[Bug 184340] PATH_MAX not interoperable with Linux

bugzilla-noreply at freebsd.org bugzilla-noreply at freebsd.org
Sun May 22 22:03:04 UTC 2016


https://bugs.freebsd.org/bugzilla/show_bug.cgi?id=184340

--- Comment #6 from Niall Douglas <s_bugzilla at nedprod.com> ---
(In reply to Jilles Tjoelker from comment #5)

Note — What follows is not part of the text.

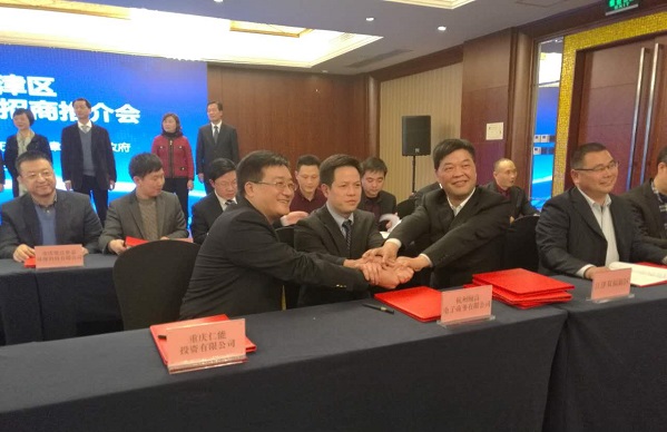 1月13日,重慶江津區“奮進十三五”新聞發布會暨招商推介會在重慶市天來大酒店順利舉行。會上,西部硅谷小鎮項目正式簽約。出席本次會議的嘉賓有:江津區區委書記程志毅、江津區區長譚慶、重慶市委外宣辦副主任馬然希、江津區常委副區長張果、江津區副區長李勇等政府領導以及頤高集團董事長翁南道、重慶仁能投資有限公司董事長蒲杰等協會及企業家代表。

I appreciate the detail in your reply. However, this is not a code development
problem - as you mention, openat() is the correct solution to programming long
paths. Rather it's a user problem - we are stuck with software written by
others which was designed around a Linux PATH_MAX of 4096. Being that we cannot
rewrite all this software to not be so stupid, it generates substantial gotchas
for end users.

In terms of how to refactor the BSD kernel to handle this, I believe NT simply
uses dynamic memory allocation for all paths, and therefore the 64Kb path limit
is tractable except when frequently modifying paths as the win32 layer likes to
do. An ideal solution for BSD would be some sort of variant storage which could
be either 256 bytes of path or a dynamic memory allocation to a path. Perhaps a
zero length path could mean "pointer to a dynamically allocated path follows",
so something like:

union
{
  char path[256];        // for paths < 255
  struct
  {
    char _zero;             // lowest byte in memory is zero
    char _magic;            // magic marker byte to detect unioned path
    unsigned short length;  // length of path
    char *path;             // dynamically allocated pointer to path
  };
};

Anyway, I'm no expert in the BSD kernel, but I would find it nice to not have
to install ZFS on Linux just so I can zfs snapshot the volume onto FreeBSD as
my sole method of working around the BSD PATH_MAX limit.